Measuring Massive Multitask Chinese Understanding

Hui Zeng
2023-05-16
Abstract:The development of large-scale Chinese language models is flourishing, yet there is a lack of corresponding capability assessments. Therefore, we propose a test to measure the multitask accuracy of large Chinese language models. This test encompasses four major domains, including medicine, law, psychology, and education, with 15 subtasks in medicine and 8 subtasks in education. We found that the best-performing models in the zero-shot setting outperformed the worst-performing models by nearly 18.6 percentage points on average. Across the four major domains, the highest average zero-shot accuracy of all models is 0.512. In the subdomains, only the GPT-3.5-turbo model achieved a zero-shot accuracy of 0.693 in clinical medicine, which was the highest accuracy among all models across all subtasks. All models performed poorly in the legal domain, with the highest zero-shot accuracy reaching only 0.239. By comprehensively evaluating the breadth and depth of knowledge across multiple disciplines, this test can more accurately identify the shortcomings of the models.
Computation and Language,Artificial Intelligence
What problem does this paper attempt to address?

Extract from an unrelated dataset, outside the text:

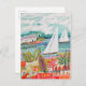 Deux voiliers et Cottage II de Karen Fields. Il comprend deux voiliers flottant dans l'eau entourés de fleurs colorées et de chalets.

The problem that this paper attempts to solve is: currently, large - scale Chinese language models are booming, but there is a lack of corresponding performance evaluation methods. Therefore, the author proposes a testing method to measure the accuracy of large - scale Chinese language models in multi - task scenarios. This test covers four major fields (medicine, law, psychology, and education) and includes multiple subtasks to comprehensively evaluate these models' understanding and problem - solving abilities in different disciplines. Specifically, this research aims to: 1. **Fill the evaluation gap**: Provide a scientific evaluation method for large - scale Chinese language models and create a high - quality Chinese evaluation data set. 2. **Evaluate model capabilities**: Through multi - task tests covering a wide range of disciplines, evaluate the performance of these models in different fields, including the accuracy in zero - shot and few - shot settings. 3. **Identify deficiencies**: By comprehensively evaluating the breadth and depth of models in multiple disciplines, more accurately identify the deficiencies of models and provide directions for future improvements. For example, it is mentioned in the article: - In the zero - shot setting, the best - performing model is on average nearly 18.6 percentage points higher than the worst - performing model. - Among all subtasks, GPT - 3.5 - turbo achieved the highest zero - shot accuracy rate of 0.693 in the clinical medicine subtask. - All models perform poorly in the legal field, with the highest zero - shot accuracy rate being only 0.239. These results indicate that although large - scale models have made significant progress, they still have not reached the expert level in specific fields, especially in the legal field, where the performance of models is close to the random level. Therefore, future research should focus on how to improve the accuracy of models in vertical - domain tasks.